(Extracted records)
- Opening Delimiter -
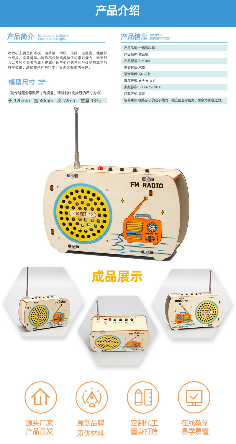 科技小制作儿童益智玩具DIY收音机学生自制手工模型科学实验批发
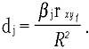 З урахуванням мультиколінеарності зв'язку між показниками оцінки у ваги окремих факторів у формуванні результативної ознаки, наприклад рівня ВДВ, можна визначити на основі показників множинної детермінації R2, парної кореляції r i j та стандартизованих коефіцієнтів регресії — β-коефіцієнтів за формулою
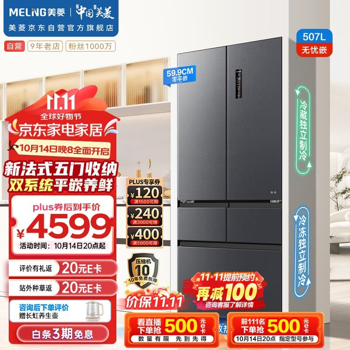 美菱一级能效双系统冰箱3535元
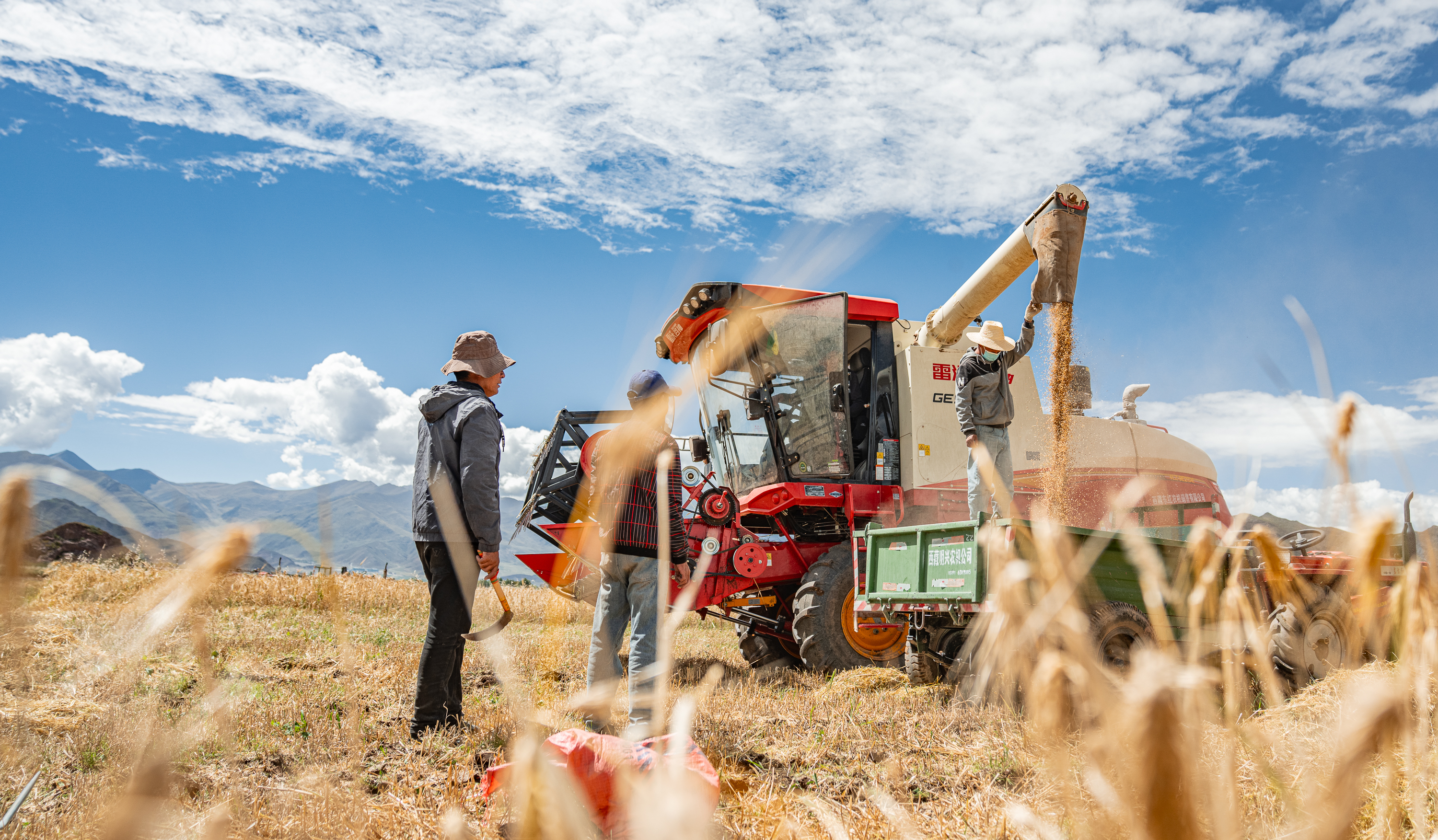 ↑9月23日,在西藏拉萨市林周县松盘乡岗巴村,农民用收割机收获青稞。新华社记者 丁增尼达 摄
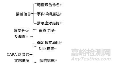 偏差信息通常包括:調(diào)查報(bào)告命名、事件詳細(xì)描述和緊急應(yīng)對(duì)措施。
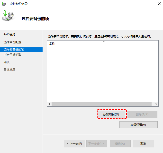 4. 單擊添加項(xiàng)目以選擇要備份的 Hyper-V 虛擬機(jī),并指定目標(biāo)類(lèi)型,然后在下一步中。您可以選擇將 Hyper-V 備份到本地驅(qū)動(dòng)器或網(wǎng)絡(luò)共享。
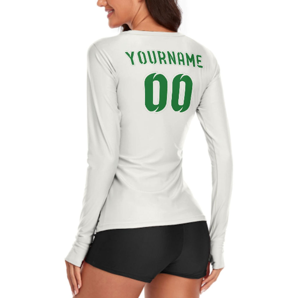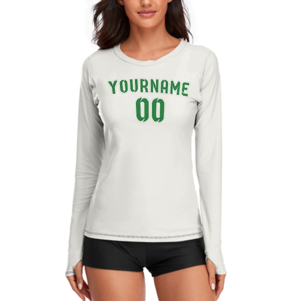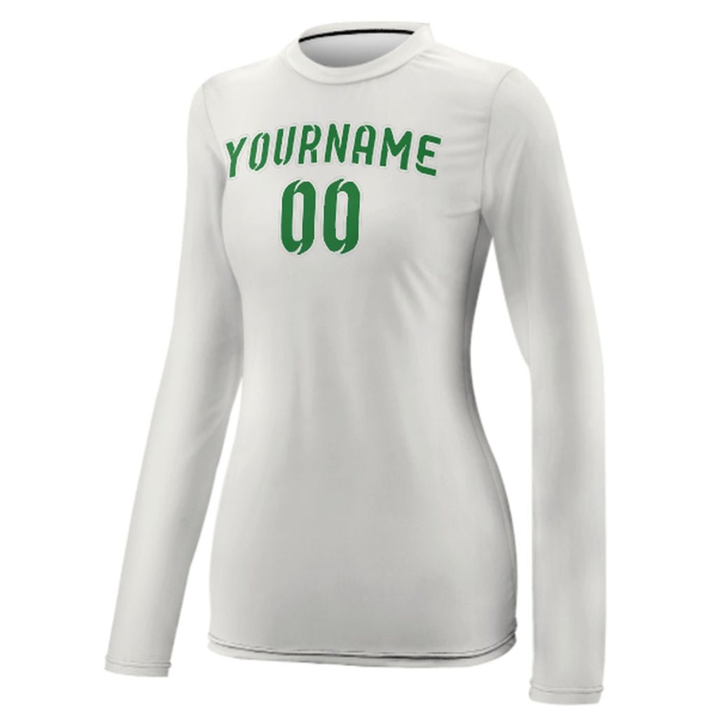 Custom White Emerald Green Women's Long-Sleeve Shirt
- Closing Delimiter -
WHAT YOU ARE ASKED TO DO = Write out the records shown above exactly, but do not include any images.

ANSWER =
 科技小制作儿童益智玩具DIY收音机学生自制手工模型科学实验批发
 З урахуванням мультиколінеарності зв'язку між показниками оцінки у ваги окремих факторів у формуванні результативної ознаки, наприклад рівня ВДВ, можна визначити на основі показників множинної детермінації R2, парної кореляції r i j та стандартизованих коефіцієнтів регресії — β-коефіцієнтів за формулою
 美菱一级能效双系统冰箱3535元
 ↑9月23日,在西藏拉萨市林周县松盘乡岗巴村,农民用收割机收获青稞。新华社记者 丁增尼达 摄
 偏差信息通常包括:調(diào)查報(bào)告命名、事件詳細(xì)描述和緊急應(yīng)對(duì)措施。
 4. 單擊添加項(xiàng)目以選擇要備份的 Hyper-V 虛擬機(jī),并指定目標(biāo)類(lèi)型,然后在下一步中。您可以選擇將 Hyper-V 備份到本地驅(qū)動(dòng)器或網(wǎng)絡(luò)共享。
 Custom White Emerald Green Women's Long-Sleeve Shirt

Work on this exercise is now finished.